JsonPath 对于 JSON 来说，相当于 XPath 对于 XML。通过使用 JsonPath 可以方便的查找节点、获取想要的数据，JsonPath 就是 Json版的XPath。

jsonpath 库

jsonpath 安装：pip install jsonpath

jsonpath-rw：JSONPath 健壮且显著扩展的Python实现，带有一个明确的AST用于元编程。
jsonpath-rw 介绍：https://pypi.org/project/dt-jsonpath-rw/
安装：pip install dt-jsonpath-rw

JsonPath 语法要点

$ 表示文档的根元素
@ 表示文档的当前元素
.node_name 或 ['node_name'] 匹配下级节点
[index] 检索数组中的元素。
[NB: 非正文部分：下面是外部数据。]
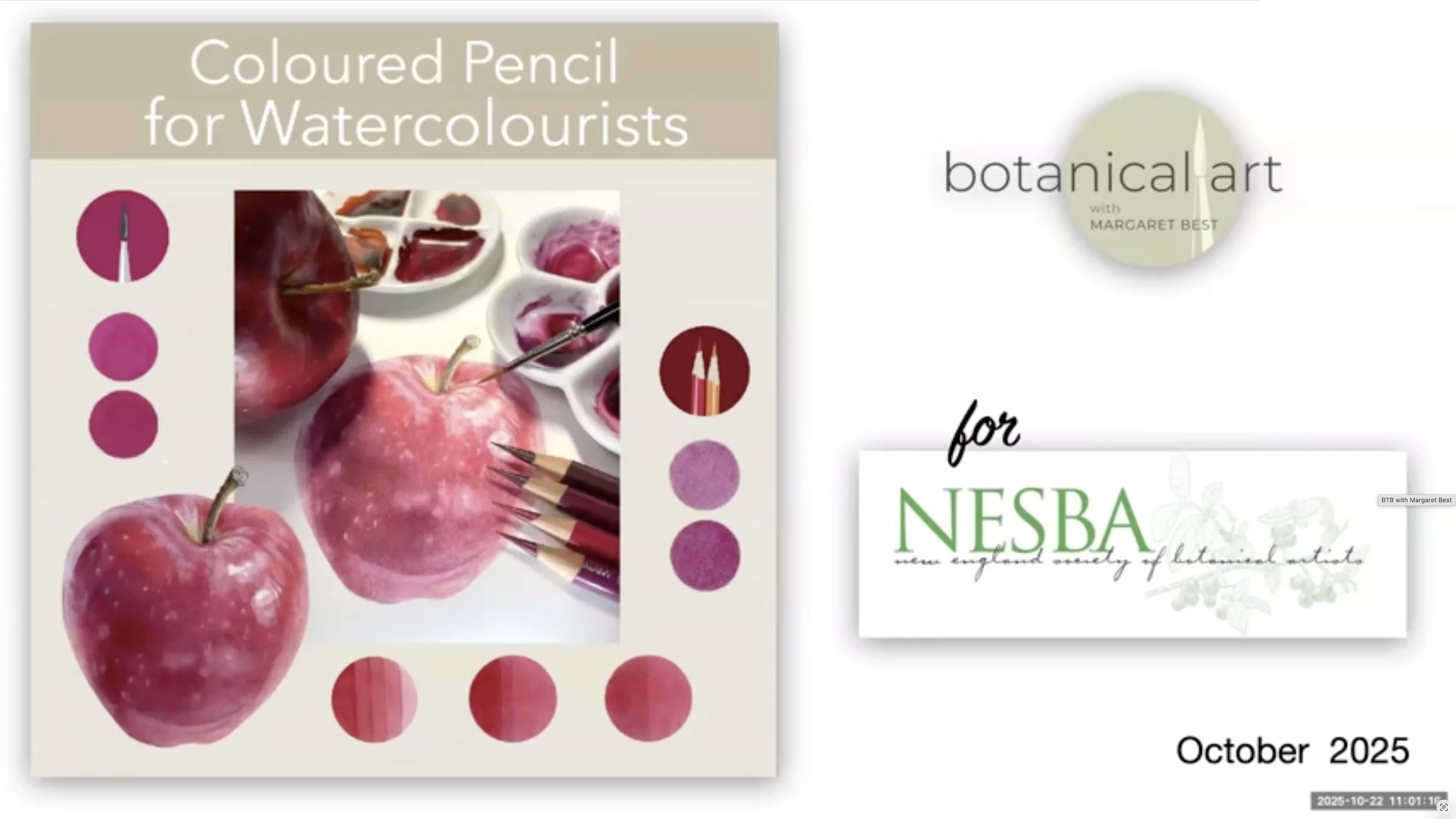 Renowned botanical artist Margaret Best presents an introduction to mixed-media techniques with colored pencil and watercolor. You can see her work on Instagram and https://www.bestbotanical.com, and learn more about her e-booklets on botanical art techniques at https://www.botanicalart.education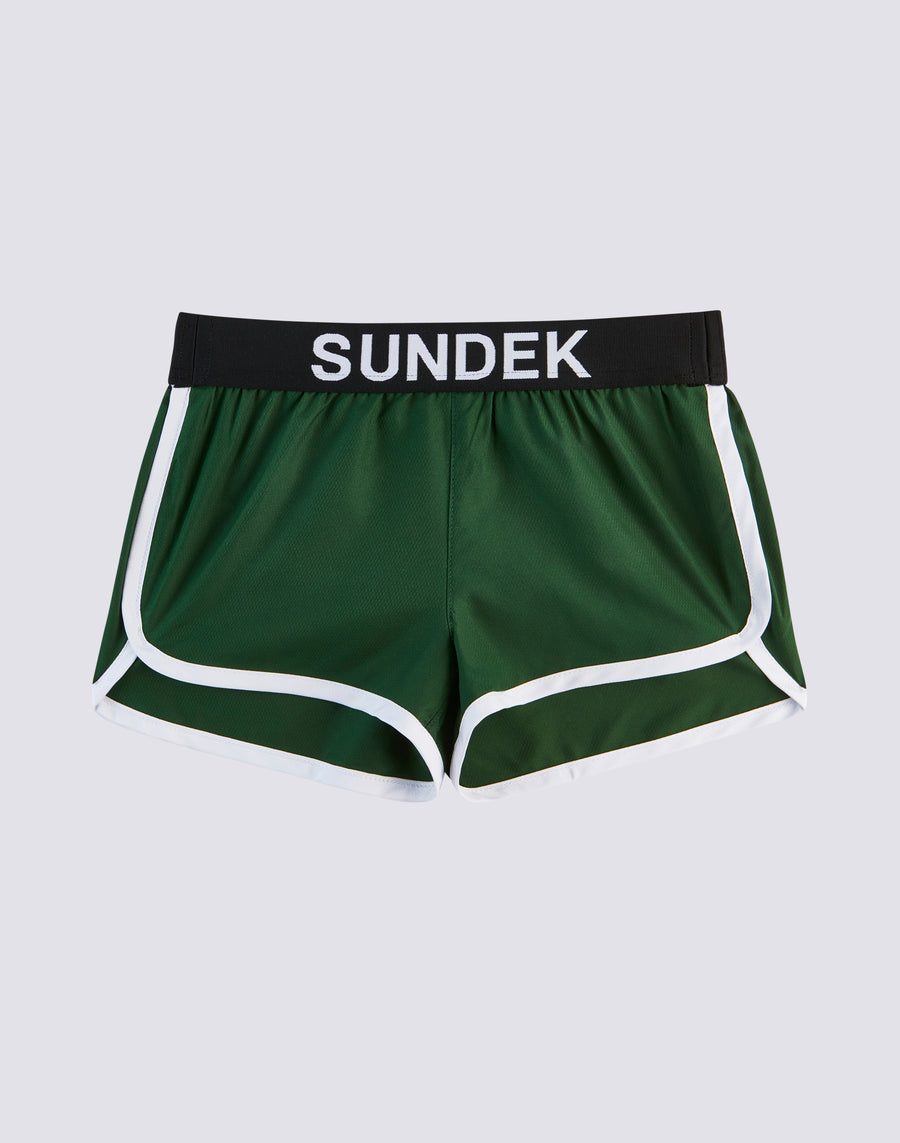 Unos shorts ligeros con logotipo Sundek, perfectos para llevar sobre el bañador. Fáciles de poner, con un tejido ligero y cómodo, acompañarán a tu hija de la playa a los juegos de verano.

JsonPath 的索引从 0 开始计数
[start:end:step] 支持数组切片语法
* 作为通配符，匹配所有成员
.. 子递归通配符，匹配成员的所有子元素
(<expr>) 使用表达式
?(<boolean expr>) 进行数据筛选

JsonPath中的 "根成员对象" 总是被引用为 $，不管它是对象还是数组。

JsonPath 使用方法：

方法 1：使用点表示法：$.store.book[0].title
方法 2：使用括号表示法：$['store']['book'][0]['title']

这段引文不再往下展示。